The height and composition of the forests are studied

Its operation is as follows, Pascual specifies: “When the laser beam reaches the earth, hits the first item it findswhich is the top of the trees, and continues to progress until it hits the ground”.

In this way, “the sensor measures the difference between when the treetops and the ground are detected. And by converting that period of time into distance, we are able to estimate the height of the vegetation”, details the scientist.

In addition, thanks to this device, the composition of the forest can also be studied, since it detects changes in the patterns of energy waves. “We are able to estimate different levels of vegetation and that gives us an idea not only of the height of the forest, but of its structural complexity”highlights Adrián Pascual.
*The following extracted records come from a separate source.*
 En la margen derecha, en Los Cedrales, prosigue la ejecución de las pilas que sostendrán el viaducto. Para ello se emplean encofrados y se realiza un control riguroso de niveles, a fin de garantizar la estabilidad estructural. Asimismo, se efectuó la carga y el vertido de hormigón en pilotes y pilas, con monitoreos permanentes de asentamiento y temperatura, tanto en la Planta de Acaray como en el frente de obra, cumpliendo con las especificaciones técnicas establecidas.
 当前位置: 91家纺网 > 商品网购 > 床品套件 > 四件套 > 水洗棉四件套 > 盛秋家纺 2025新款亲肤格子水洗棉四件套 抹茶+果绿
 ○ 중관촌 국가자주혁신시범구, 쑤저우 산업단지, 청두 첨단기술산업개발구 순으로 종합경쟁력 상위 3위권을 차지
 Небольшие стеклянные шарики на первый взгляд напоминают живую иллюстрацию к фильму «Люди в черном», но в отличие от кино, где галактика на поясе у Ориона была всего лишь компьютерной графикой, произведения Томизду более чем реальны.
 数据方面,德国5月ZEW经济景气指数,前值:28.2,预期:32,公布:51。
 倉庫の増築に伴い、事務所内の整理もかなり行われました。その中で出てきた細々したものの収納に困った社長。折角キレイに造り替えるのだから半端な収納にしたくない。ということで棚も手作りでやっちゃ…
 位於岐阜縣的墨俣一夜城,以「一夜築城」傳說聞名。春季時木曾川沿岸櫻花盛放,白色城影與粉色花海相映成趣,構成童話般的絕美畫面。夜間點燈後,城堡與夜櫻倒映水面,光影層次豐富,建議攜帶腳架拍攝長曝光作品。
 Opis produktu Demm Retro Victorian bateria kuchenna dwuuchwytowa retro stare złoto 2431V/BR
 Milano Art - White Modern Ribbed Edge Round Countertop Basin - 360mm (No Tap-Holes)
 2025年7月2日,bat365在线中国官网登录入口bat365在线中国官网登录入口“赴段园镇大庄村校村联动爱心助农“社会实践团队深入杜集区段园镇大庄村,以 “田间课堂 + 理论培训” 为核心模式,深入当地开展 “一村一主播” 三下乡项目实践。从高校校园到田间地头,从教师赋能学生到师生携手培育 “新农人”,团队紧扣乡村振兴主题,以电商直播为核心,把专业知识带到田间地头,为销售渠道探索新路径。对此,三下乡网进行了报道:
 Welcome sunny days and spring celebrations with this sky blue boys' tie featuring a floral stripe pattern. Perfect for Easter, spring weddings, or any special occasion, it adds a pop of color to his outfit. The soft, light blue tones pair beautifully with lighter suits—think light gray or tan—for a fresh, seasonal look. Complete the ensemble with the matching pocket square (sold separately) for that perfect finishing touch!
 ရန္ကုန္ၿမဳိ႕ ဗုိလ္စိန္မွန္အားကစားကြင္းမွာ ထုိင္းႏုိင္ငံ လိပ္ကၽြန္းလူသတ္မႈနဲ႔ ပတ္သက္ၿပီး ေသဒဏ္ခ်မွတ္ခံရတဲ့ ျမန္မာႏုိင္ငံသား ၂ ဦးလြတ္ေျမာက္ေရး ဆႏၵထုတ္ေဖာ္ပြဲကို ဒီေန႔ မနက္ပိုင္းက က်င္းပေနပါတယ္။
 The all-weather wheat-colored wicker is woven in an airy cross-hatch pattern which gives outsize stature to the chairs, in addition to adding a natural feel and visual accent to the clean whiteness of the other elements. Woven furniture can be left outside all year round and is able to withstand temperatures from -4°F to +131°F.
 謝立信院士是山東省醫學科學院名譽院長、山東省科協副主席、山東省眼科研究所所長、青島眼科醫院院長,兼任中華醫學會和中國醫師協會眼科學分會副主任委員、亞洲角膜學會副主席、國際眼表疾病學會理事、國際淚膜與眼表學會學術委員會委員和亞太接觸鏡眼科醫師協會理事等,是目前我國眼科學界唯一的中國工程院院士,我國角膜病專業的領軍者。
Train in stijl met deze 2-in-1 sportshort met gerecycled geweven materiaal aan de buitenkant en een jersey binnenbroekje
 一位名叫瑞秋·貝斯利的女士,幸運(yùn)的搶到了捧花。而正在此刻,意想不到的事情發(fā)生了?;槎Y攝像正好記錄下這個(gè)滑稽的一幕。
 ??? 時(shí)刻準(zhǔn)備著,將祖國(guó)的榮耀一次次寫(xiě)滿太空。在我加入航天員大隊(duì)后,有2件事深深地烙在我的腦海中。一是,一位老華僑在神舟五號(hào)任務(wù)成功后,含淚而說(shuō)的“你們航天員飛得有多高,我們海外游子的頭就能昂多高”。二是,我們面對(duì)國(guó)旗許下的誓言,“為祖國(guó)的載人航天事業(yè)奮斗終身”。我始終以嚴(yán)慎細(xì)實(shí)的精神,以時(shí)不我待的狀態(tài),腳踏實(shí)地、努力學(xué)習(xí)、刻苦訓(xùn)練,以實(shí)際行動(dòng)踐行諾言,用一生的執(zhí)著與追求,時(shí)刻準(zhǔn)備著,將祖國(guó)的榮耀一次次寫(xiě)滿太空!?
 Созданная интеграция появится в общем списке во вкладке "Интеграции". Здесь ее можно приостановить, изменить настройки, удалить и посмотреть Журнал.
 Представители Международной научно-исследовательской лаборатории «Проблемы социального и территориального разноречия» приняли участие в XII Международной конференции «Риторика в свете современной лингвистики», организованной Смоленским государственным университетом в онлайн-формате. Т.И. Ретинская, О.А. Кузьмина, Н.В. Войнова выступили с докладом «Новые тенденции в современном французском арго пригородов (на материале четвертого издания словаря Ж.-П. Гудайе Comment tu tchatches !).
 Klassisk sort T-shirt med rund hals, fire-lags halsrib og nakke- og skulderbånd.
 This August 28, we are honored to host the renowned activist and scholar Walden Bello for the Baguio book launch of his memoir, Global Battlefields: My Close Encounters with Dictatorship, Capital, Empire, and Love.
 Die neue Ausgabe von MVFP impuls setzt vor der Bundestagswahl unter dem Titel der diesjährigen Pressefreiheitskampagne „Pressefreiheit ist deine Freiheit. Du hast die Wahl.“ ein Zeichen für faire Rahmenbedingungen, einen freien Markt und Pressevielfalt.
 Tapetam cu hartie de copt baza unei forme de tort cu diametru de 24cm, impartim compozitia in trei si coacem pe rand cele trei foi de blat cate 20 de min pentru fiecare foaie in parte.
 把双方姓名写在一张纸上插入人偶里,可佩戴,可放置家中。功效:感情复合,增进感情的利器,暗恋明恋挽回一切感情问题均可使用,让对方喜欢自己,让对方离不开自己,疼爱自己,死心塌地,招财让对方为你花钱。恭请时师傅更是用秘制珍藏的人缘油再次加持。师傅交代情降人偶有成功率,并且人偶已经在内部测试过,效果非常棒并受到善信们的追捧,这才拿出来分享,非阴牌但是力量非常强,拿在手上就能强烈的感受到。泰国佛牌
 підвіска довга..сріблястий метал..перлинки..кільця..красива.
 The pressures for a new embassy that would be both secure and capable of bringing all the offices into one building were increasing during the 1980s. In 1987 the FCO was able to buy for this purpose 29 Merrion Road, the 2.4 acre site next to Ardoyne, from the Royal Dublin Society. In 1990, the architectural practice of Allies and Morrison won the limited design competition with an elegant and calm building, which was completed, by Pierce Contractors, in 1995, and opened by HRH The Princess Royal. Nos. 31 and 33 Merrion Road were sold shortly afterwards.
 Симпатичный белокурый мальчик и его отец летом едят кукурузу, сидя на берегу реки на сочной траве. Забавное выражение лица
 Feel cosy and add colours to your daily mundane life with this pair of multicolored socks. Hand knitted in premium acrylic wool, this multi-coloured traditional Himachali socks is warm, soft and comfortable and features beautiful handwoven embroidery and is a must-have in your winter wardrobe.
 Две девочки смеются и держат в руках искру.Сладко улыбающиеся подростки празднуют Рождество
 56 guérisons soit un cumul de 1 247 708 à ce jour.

The keys: carbon and biomass

Trees take care of collecting and storing carbon dioxide (CO2)one of the main causes of global warming and, consequently, of the climate change. “When trees grow they increase their biomass. And approximately 50% of that biomass, of the wood of those trees, is carbon”, indicates Pascual.

The expert points out that “it is calculated more or less that a medium-sized tree, the most general thing that can be thought, fixes about 25 kg of carbon dioxide per year.” In this way, GEDI is used to “to know what is the stock, the carbon storage that currently exists in all the world’s forests” or what is the same, measure how deforestation has contributed to atmospheric concentrations of carbon dioxide.

However, there is a problem: this mission is scheduled to continue only until January 2023. Therefore, both researchers and state representatives are supporting a campaign for GEDI to continue operating for several more months or years due to its benefits for the study of climate change.